Custer, Hubris...and Ultrarunning

Image credit from SonoftheSouth, here

I have previously used The Writer's Almanac as fodder for my posts, but seriously, if you are in any way touched by the term "literary" you should sign up for the free daily email.  There is almost always some nugget of info that you are tickled by, and say "I didn't know that!"

From 14 Aug 2011, Custer  by David Shumate

He is a hard one to write a poem about. Like Napoleon.

Hannibal. Genghis Khan. Already so large in history. To do it right, I have to sit down with him. At a place of his own choosing. Probably a steakhouse. We take a table in a corner.

But people still recognize him, come up and slap him on the back, say how much they enjoyed studying about him in school and ask for his autograph. After he eats, he leans back and lights up a cigar  and asks me what I want to know. Notebook in hand, I suggest that we start with the Little Big Horn and work our way back. But I realize I have offended him. That he would rather take it the other way around. So he rants on about the Civil War, the way west, the loyalty of good soldiers and now and then twists his long yellow hair with his fingers.
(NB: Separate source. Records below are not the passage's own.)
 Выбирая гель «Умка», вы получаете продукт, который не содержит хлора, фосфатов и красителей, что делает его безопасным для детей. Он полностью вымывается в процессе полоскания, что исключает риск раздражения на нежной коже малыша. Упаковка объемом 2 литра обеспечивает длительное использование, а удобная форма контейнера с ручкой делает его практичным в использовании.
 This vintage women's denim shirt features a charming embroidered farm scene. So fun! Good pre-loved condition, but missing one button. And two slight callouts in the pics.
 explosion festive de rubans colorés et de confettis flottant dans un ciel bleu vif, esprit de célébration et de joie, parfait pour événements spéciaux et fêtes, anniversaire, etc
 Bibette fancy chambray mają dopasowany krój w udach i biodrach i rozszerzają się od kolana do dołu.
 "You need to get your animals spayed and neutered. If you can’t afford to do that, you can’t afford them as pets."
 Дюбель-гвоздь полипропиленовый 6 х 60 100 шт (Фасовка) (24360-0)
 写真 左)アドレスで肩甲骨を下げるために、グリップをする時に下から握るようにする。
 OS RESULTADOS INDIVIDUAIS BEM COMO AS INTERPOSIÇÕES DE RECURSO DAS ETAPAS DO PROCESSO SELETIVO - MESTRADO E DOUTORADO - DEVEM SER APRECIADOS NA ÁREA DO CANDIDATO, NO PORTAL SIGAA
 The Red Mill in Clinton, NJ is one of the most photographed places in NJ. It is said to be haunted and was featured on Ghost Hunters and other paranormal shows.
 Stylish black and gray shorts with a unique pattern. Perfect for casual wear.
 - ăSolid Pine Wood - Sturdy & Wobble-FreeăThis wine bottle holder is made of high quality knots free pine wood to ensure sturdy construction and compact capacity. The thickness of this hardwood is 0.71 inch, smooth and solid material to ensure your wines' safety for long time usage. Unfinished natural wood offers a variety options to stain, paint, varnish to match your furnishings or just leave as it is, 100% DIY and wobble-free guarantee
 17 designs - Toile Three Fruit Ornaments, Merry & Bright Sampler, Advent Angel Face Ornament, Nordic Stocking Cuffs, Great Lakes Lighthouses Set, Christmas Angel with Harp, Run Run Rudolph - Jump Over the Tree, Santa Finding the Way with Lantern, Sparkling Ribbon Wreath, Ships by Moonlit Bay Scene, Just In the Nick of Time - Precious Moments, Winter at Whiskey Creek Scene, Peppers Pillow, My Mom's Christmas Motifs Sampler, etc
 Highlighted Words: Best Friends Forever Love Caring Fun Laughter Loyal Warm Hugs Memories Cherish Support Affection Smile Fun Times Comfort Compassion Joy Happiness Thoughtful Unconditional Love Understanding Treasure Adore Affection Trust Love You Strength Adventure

But when he gets to the part about Sitting Bull, about Crazy Horse, he develops a twitch above his right eye, raises his finger for the waiter, excuses himself and goes to the restroom while I sit there along the bluffs with the entire Sioux nation, awaiting his return.

Custer was a crazy SOB, who grew to "maturity" in the crucible of the American Civil War.  He was a warrior--which there is a need for at times--and was superior at his craft.  He ultimately suffered from an excess of hubris (overbearing pride or presumption; arrogance), which proved his undoing.

The link to Ultrarunning?  Whenever you enter a race, or go for a training run that is above and beyond previous attempts, be humble.  Be respectful of the trails and of the craft of Ultrarunning.  Be realistic about your abilities on that day.  In short, be cognizant of the danger of'll fell you quicker than catching a toe on a stone.